So, shake your head… So, shake your head, sucker!
Much more could be said about the lyrics, the driving force that made them famous. They mocked stereotypes of migrants from Northeastern Brazil to the Southeast, Portuguese people (with Vira Vira, a story of a Portuguese who sends his wife to an orgy party in his place and she returns home with only one boob left), local genres like forró, pagode and sertanejo (the genre made famous internationally by Michel Teló) and international music like Rage Against the Machine (in 1406), punk rock (with Chopis Centis ripping off the riff from The Clash’s Should I Stay or Should I Go?) and heavy metal.
However, for those who can’t understand their humor and their cultural references, there’s a lot to enjoy too. The musicianship is quite simple, to the point that Sérgio Reoli’s drum parts could be put as examples for begginer lessons in drumming and Hinoto’s guitar parts rely a lot in simple riffing, easy solos and power chords (with some exceptions in songs like Débil Metal, with its metallic riff and shredding solo, and 1406). But can you imagine a song that mixes accordions, triangle percussion and wah-distorted riffs? Well, they manage to do that successfully in Jumento Celestino and its mockery of forró music. What about a song with the subject of sex in the animal kingdom, with a very upbeat and fast guitar riff? They also have that, in Mundo Animal. Do you like power ballads? Well, listen to Arlinda Mulher then and you’ll have that too. And do you want a memorable bassline? Then don’t miss Samuel Reoli’s slap n’ pop fest in 1406. With all that considered, “outsiders” can have a lot of simple fun with their musical delivery (except for Sabao Crá Crá and Sábado de Sol, two plain acoustic tracks which are interesting only because of their lyrics).
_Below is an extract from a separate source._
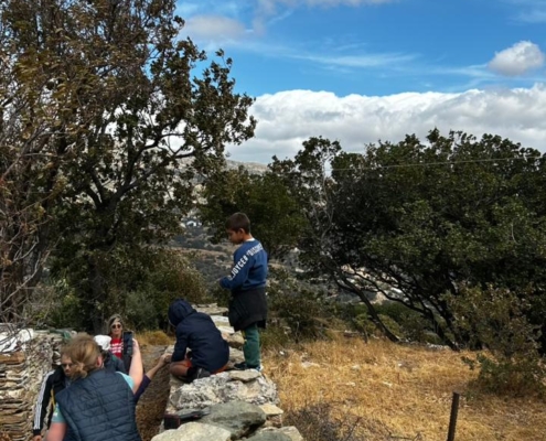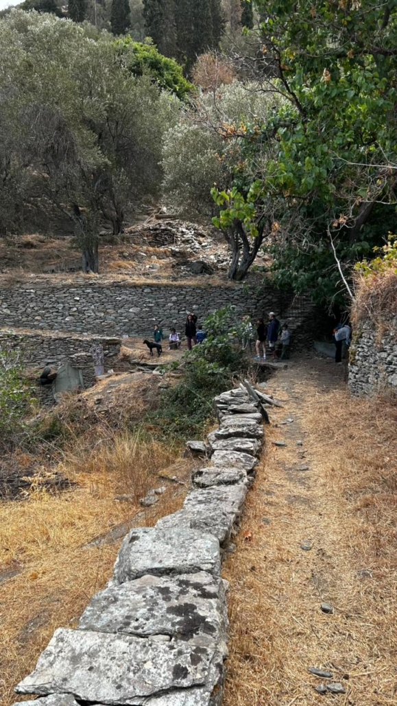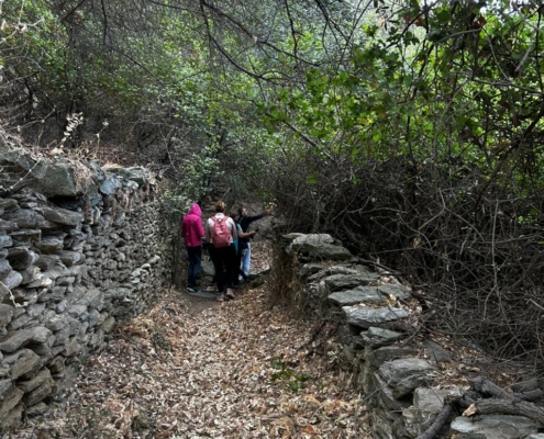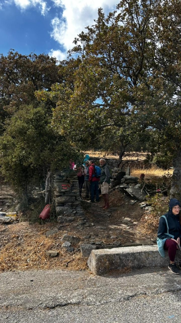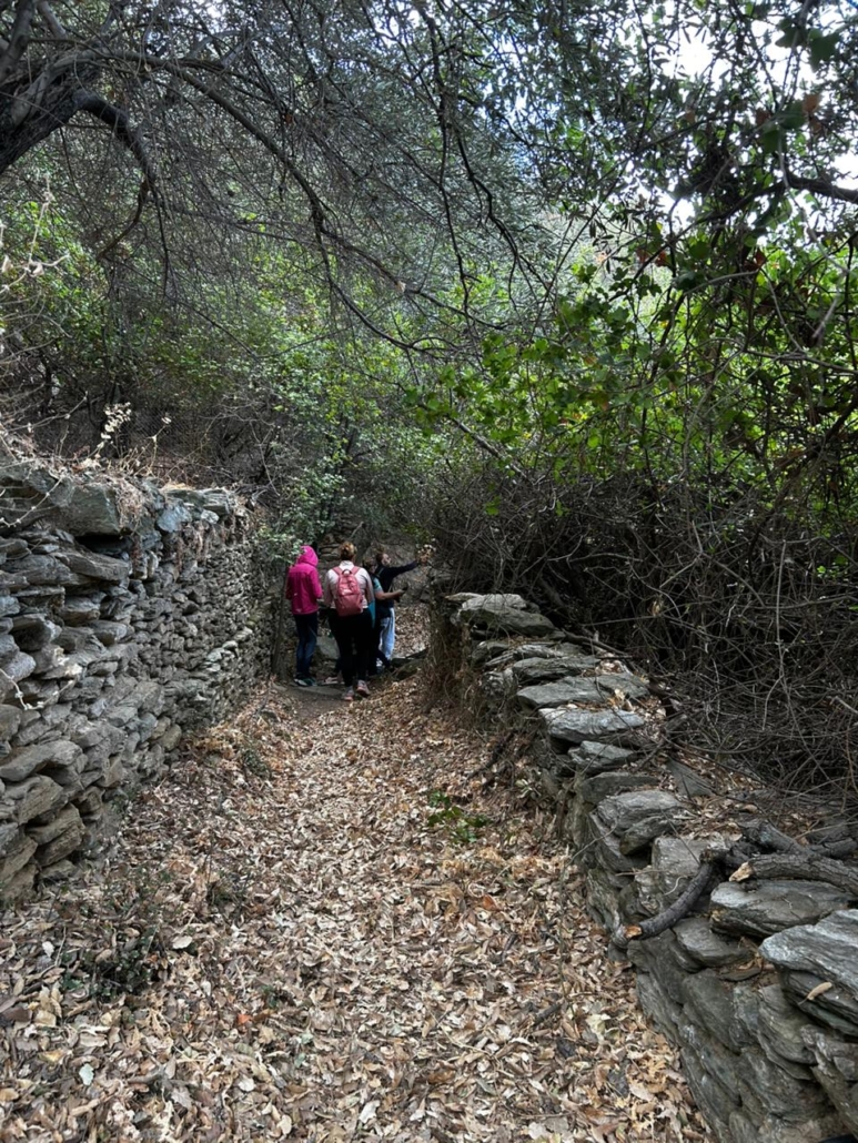We then passed through Koureli and a ravine with structured irrigation channels that once directed water to the terraced fields. Along the way, we encountered the lovely old school of the Pera Choria, with its balcony-like courtyard, and learned that every Easter, locals play “tsounia” there — a game resembling bowling.

And on top of all that, they also managed to create some authentic anthems of Brazilian rock music. In their homeland, for example, songs like Vira Vira and Pelados em Santos are hugely famous - specially the last one.
With its ska vibe, Pelados em Santos conquered Brazil as the smash hit that propelled them to superstardom. It tells the story of a guy who fails miserably to impress a girl with presents like Fiorucci pants, a dish of beans with jabá (a very unsophisticated food), a trip to Paraguay and other ridiculous attempts.
Today, if you play Pelados em Santos for a crowd of people, you may see two possible reactions: either the whole crowd will sing the song in unison, or the majority will do so while some cry in silence. The fact that every song of this album is a classic of Brazilian pop culture says it all: their album stood beautifully on the test of time in their country and every single tear shed after that tragic crash were as genuine as the energy and the joy with which Dinho, Bento Hinoto, Júlio Rasec and brothers Samuel and Sérgio Reoli shared their unforgettable music.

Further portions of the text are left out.